Dygnęła wychodząc z pokoju.
- Już się nie boję, Gajuszu. Mogę iść sama do mych komnat.
Dobranoc.
- Dobrej nocy Lady Morgano.
Gdy wyszła skrzypnęły drugie drzwi i medyk dojrzał zaspanego
chłopca o ciemnych, rozczochranych włosach.
- Merlinie! - wydobył zduszony szept.
- Wiem, co mówiła...
- Podsłuchiwałeś?
Stropił się.
- Tylko trochę. Gajszu, błagam nie patrz na mnie tym
wzrokiem! Czym są sny Lady Morgany, czy aby zwyczajnym koszmarem. - usilnie
starał się zmienić temat.
- Nie. Ona widzi, przeszłość i przyszłość we śnie.
Niesamowicie rzadka zdolność.
- Biedna dziewczyna... jednak to nie jest talent, który
dostają zwyczajni ludzie. Ona jest wieszczką. Czy zna magię?
- Nie, ale posiada umiejętności gotowe do ich poznania.

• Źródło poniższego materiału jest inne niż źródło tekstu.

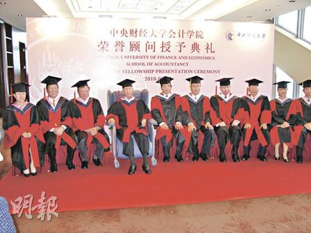 中新網(wǎng)6月9日電 據(jù)香港明報報道,“賭王”何鴻燊久病復(fù)出,內(nèi)地中央財經(jīng)大學(xué)想頒會計學(xué)院榮譽顧問榮銜,校方明白“賭王”的身體狀況,所以中央財經(jīng)大學(xué)副校長到香港,在信德中心舉行頒授儀式,除“賭王”外,郭炳湘、李國寶、方潤華同馬時亨都有份接受榮銜。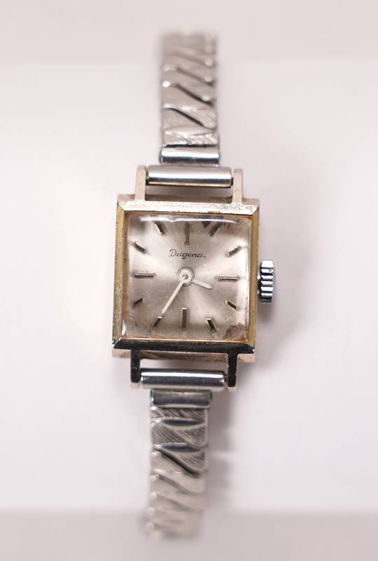 Deutsch 20. Jh. Goldgehäuse 585. Quadratisches, silberfarbenes Ziffernblatt. Unter der Zwölf bezeichnet. Verso bezeichnet und punziert. Kronaufzugswerk. An Flexband. Größe des Ziffernblatt ca. 1,3 x 1,3 cm, Gesamtgewicht ca. 15,7 Gramm. Funktion nicht getestet. Ziffernblatt teils beschädigt, Armband wohl nicht zugehörig.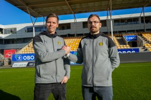Ola Sydow Rasmussen (31) - som nærmer seg veteran-status i akademiet - har signert på en ny toårsavtale som G15-trener og toppspillerutvikler for aldersgruppa 13 til 17 år. Det er LSK-akademiets administrative leder Oscar Killingmoe (til venstre) glad for.
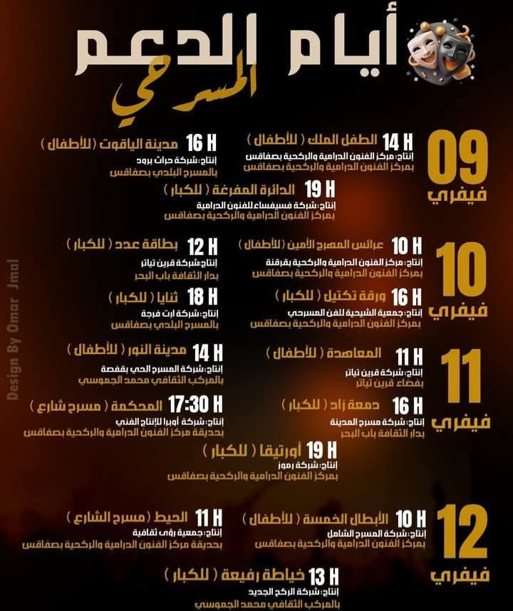 ينظم مركز الفنون الدرامية والركحية بصفاقس و مركز الفنون الدرامية والركحية قرقنة بالشراكة مع المركب الثقافي محمد الجموسي و دار الثقافة باب البحر و بلدية صفاقس والفضاء الثّقافي قرين تياتر تظاهرة ايام الدعم المسرحي بصفاقس من 9 إلى 12 فيفري 2026.
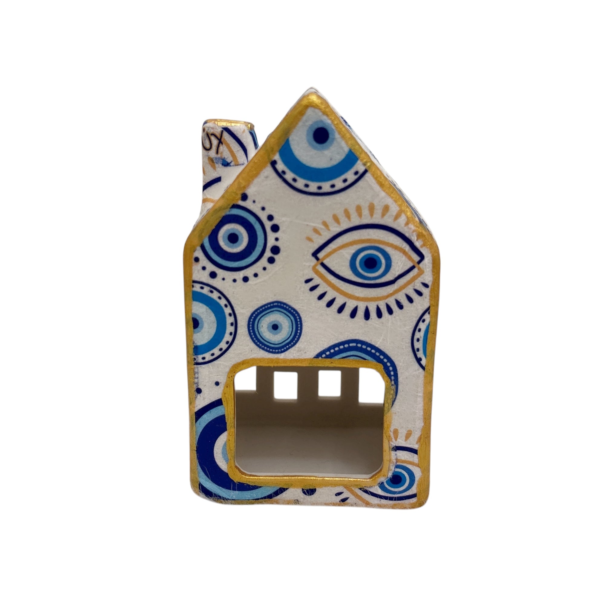 Transformez votre intérieur avec notre charmante lampe chauffe-plat en porcelaine représentant une maison. Son ouverture laisse passer une ampoule qui illumine avec éclat son design raffiné. Choisissez parmi deux modèles élégants, chacun orné d'une prière grecque unique ou d'yeux envoûtants. Apportez une touche chaleureuse et une ambiance unique à votre pièce !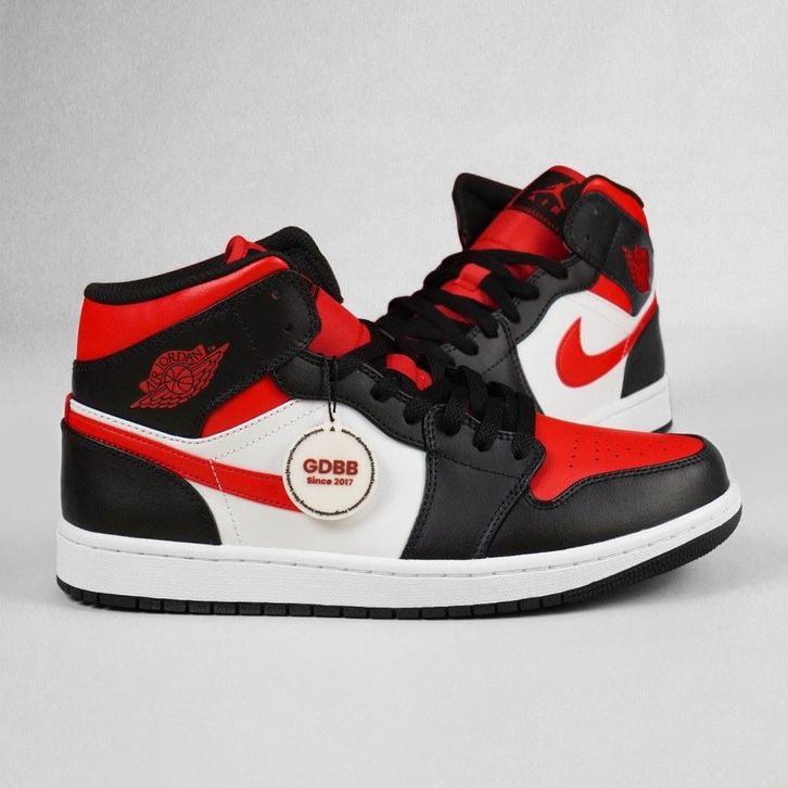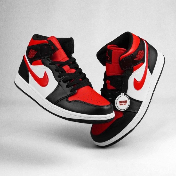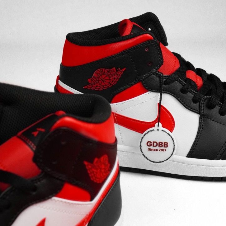 Terbaru ! Nike Air Jordan 1 Mid Alternate Bred Toe Black White Red Authentic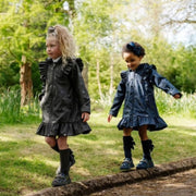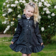 This charming raincoat by A Dee comes in plain black and features frilled trim at the shoulders, hem, and pockets. It also has frills around the hood, and is dotted with cute shiny hearts.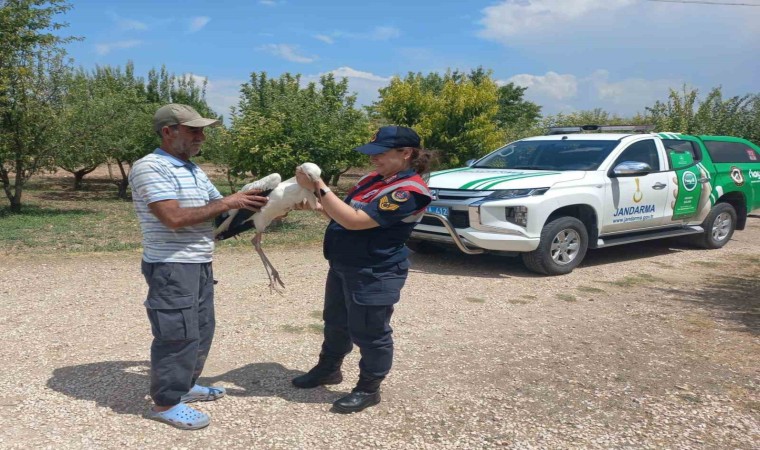 Elazığ’da vatandaşlar tarafından yaralı halde bulunan leylek, jandarma ekipleri tarafından koruma altına alındı.

Pamiętaj Merlinie, że ty jesteś wyjątkiem. Inni czarodzieje mieli potencjał w
młodości, ale byli ćwiczeni w magii. Ty zaś działałeś intuicyjnie. Morgana
mogłaby zgłębiać tajniki magii, ale o ile mnie pamięć nie myli Kilgharrah
zaklinał mnie, abym nigdy jej o tym nie wspominał.
- Dlaczego?
Medyk machnął ręką.
- Moim uczniom wydaje się, że jestem wszechwiedzący. Nie
znam jej przeznaczenia. Ważne jest to, że nareszcie wiemy, kim jest przeciwnik
stworzony dla nas przez Nimue.
XI
Merlin biegł do ogromnej biblioteki. Wstyd było mu się
przyznać Gajuszowi, że mimo codziennych, monotonnych i wyczerpujących ćwiczeń (brzmi jak ślęczenie nad algebrą)
zalecanych przez Gajusza, aby opanował płynne czytanie na głos, chłopak
jeszcze nigdy nie pofatygował się do biblioteki.
Idąc przez dziedziniec widział, jak chłopi rozstawiają stos. Nie chciał myśleć, dla kogo i ile mu zostało czasu.
Idąc przez dziedziniec widział, jak chłopi rozstawiają stos. Nie chciał myśleć, dla kogo i ile mu zostało czasu.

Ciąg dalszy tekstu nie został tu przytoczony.